= GIVEN INFORMATION =
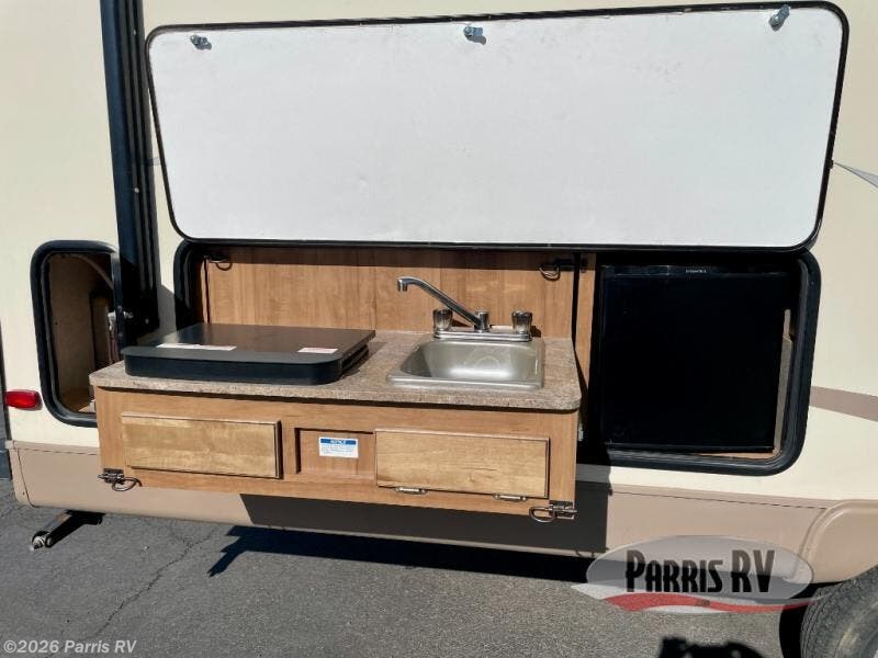 For the perfect couples coach come check out this Flagstaff Micro Lite 25FKS. You will enjoy the private rear bedroom, and if you camp with kids they can easily sleep at the 85" u-dinette. The kitchen area is along the front of this model. You will enjoy features such as solid surface countertops, and a one piece residential sink cover. Outside there is a pull-out kitchen with a two burner stove, sink, and a refrigerator. You will also find plenty of exterior storage and in the rear there is a sliding storage door, plus so much more!
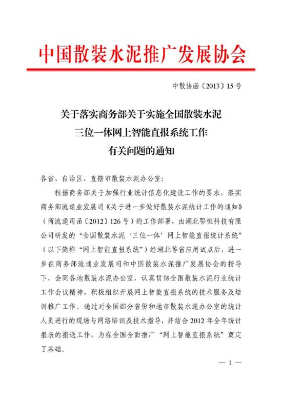 關(guān)于落實(shí)商務(wù)部關(guān)于實(shí)施全國(guó)散裝水泥三位一體網(wǎng)上智能直報(bào)系統(tǒng)工作有關(guān)問(wèn)題的通知
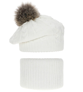 Beret i komin dla dziewczynki, komplet zimowy, Fokki, biały, 52-55 cm
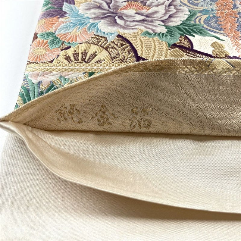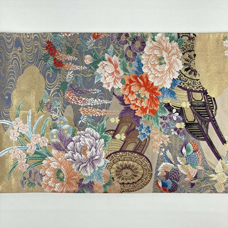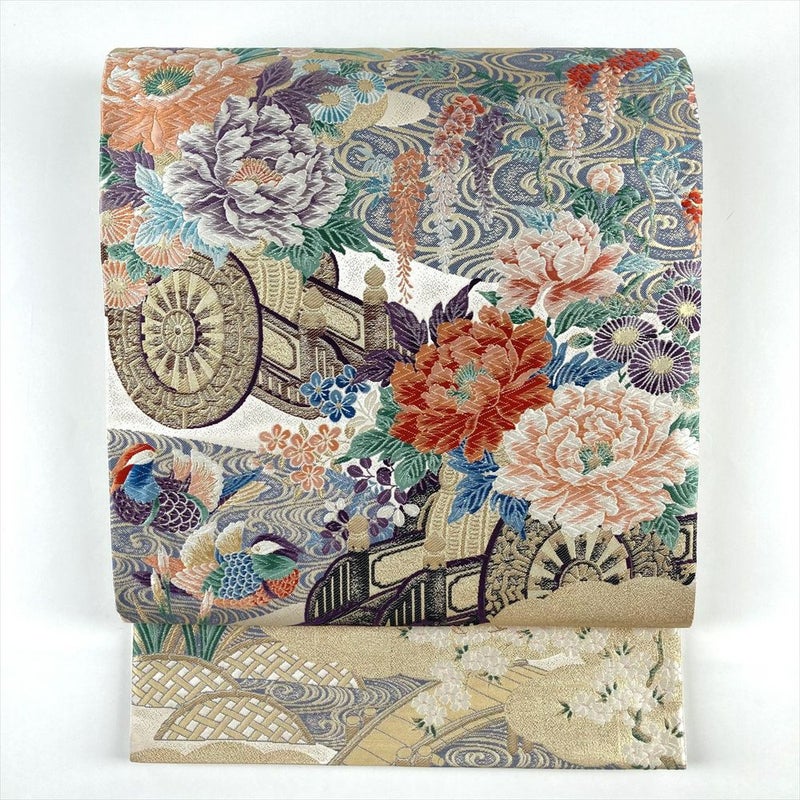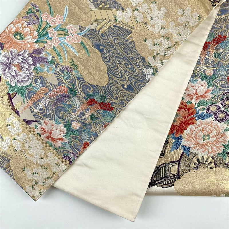 (中古)袋帯 金色 フォーマル セミフォーマル 六通 切箔 金糸 花車 四季花 蛇籠 流水 橋

= DIRECTIONS =
Output the line containing "關(guān)于落實(shí" along with every line after it to the end of the material, exactly as written, but without pictures.

= COMPLETED EXERCISE =
 關(guān)于落實(shí)商務(wù)部關(guān)于實(shí)施全國(guó)散裝水泥三位一體網(wǎng)上智能直報(bào)系統(tǒng)工作有關(guān)問(wèn)題的通知
 Beret i komin dla dziewczynki, komplet zimowy, Fokki, biały, 52-55 cm
 (中古)袋帯 金色 フォーマル セミフォーマル 六通 切箔 金糸 花車 四季花 蛇籠 流水 橋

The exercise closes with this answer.